Advanced Information Retrieval Measures
Advanced information retrieval measures are effectiveness measures for various types of information access tasks that go beyond traditional document retrieval. Traditional document retrieval measures are suitable for set retrieval (measured by precision, recall, F-measure, etc.) or ad hoc ranked retrieval, the task of ranking documents by relevance (measured by average precision, etc.). Whereas, advanced information retrieval measures may work for diversified search (the task of retrieving relevant and diverse documents), aggregated search (the task of retrieving from multiple sources/media and merging the results), one-click access (the task of returning a textual multidocument summary instead of a list of URLs in response to a query), and multiquery sessions (information-seeking activities that involve query reformulations), among other tasks. Some advanced measures are based on user models that arguably better reflect real user behaviors than standard measures do.
More Graded Relevance Measures
Historically, information retrieval evaluation mainly dealt with binary relevance: relevant or nonrelevant. But after Järvelin and Kekäläinen proposed normalized discounted cumulative gain (nDCG) in 2002 , it quickly became the most widely used evaluation measure that utilizes graded relevance. For example, it is known that search engine companies routinely use (variants of) nDCG for internal evaluations. Interestingly, nDCG happens to be a variant of the normalized sliding ratio measure proposed by Pollock in 1968 . The advent of web search, where some web pages can be much more important than others (e.g., in home page finding), is probably one factor that made nDCG so popular.
nDCG, however, is not the only graded-relevance measure available.

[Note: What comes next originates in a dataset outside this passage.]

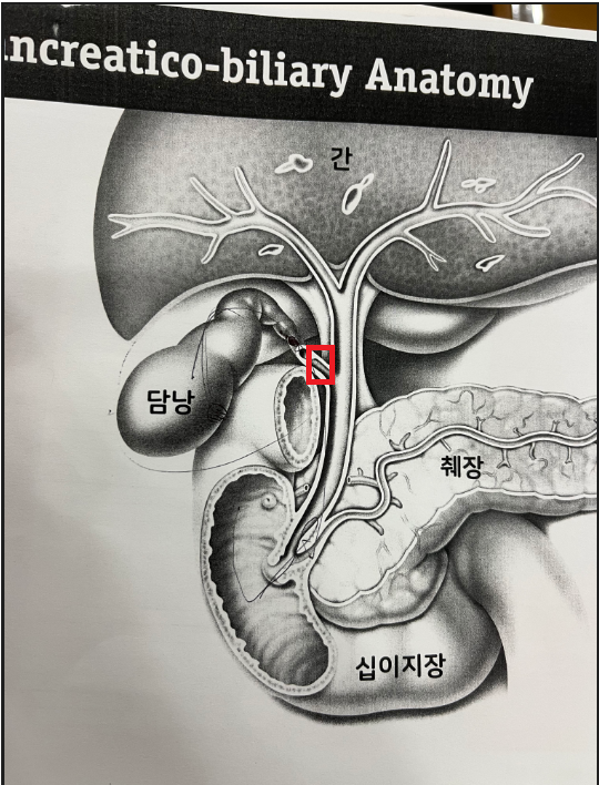 빨간색 위치를 이야기 하시면서 이 위치에 담석이 있어서 막혔다 빠졌다 하면서 통증을 유발 한다고 이야기 해주셨다.

Q-measure, a simple variant of average precision, was proposed in 2004 . (It is called Q-measure because it was originally designed for factoid question answering with equivalence classes of correct answers.) Q-measure has been used in several tasks of NTCIR (NII Testbeds and Community for Information access Research http://research.nii.ac.jp/ntcir/): cross-lingual information retrieval, information retrieval for question answering, geotemporal information retrieval, and community question answering. Expected Reciprocal Rank (ERR), proposed in 2009 , has an intuitive user behavior model particularly suitable for navigational search where only a few relevant documents are required . ERR is now a popular evaluation measure.
Diversified Search Measures
If the user’s query is ambiguous or underspecified, it is difficult for a search engine to guess the intent of the user. To make the same first search result page an acceptable entry point for different users with different intents but sharing the same query, search result diversification has recently become a popular research topic. In 2003, Zai, Cohen, and Lafferty  defined subtopic retrieval as well as an evaluation measure called subtopic recall: given a query, how many of its possible intents does the set of retrieved documents cover? Subtopic recall is also known as intent recall . Diversified search effectiveness measures, α-nDCG  and ERR-IA , were proposed originally in 2008 and in 2009, respectively, and TREC launched the web track diversity task in 2009, using these measures for evaluating participating systems. As a third alternative to evaluating diversified search, D-measure  (an instance of which is D-nDCG) was proposed in 2011: unlike α-nDCG and ERR-IA, this new family of diversity measures is free from the NP-complete problem of computing the ideal ranked list. D-nDCG and its variant D♯-nDCG (a linear combination of D-nDCG and intent recall) have been used in the NTCIR INTENT task since 2011.
Beyond Document Retrieval: Beyond Single Queries
For some types of queries and search environments, returning a concise, direct answer may be more effective than returning the so-called ten blue links. Hence information retrieval evaluation should probably go beyond document retrieval and beyond evaluation based on document-level relevance. The task of returning a direct answer in response to a query is similar to question answering and query-focussed text summarization; for evaluating these related tasks, the evaluation unit is often nuggets or semantic content units which are more fine grained than documents or passages. S-measure  proposed in 2011 is an evaluation measure that in a way bridges the gap between textual output evaluation and information retrieval evaluation: while S-measure is based on nugget-level relevance, it also has a discounting mechanism similar to that of nDCG. While nDCG and other information retrieval measures discount the value of a relevant document based on its rank, S-measure discounts the value of a relevant piece of text based on its position within the textual output.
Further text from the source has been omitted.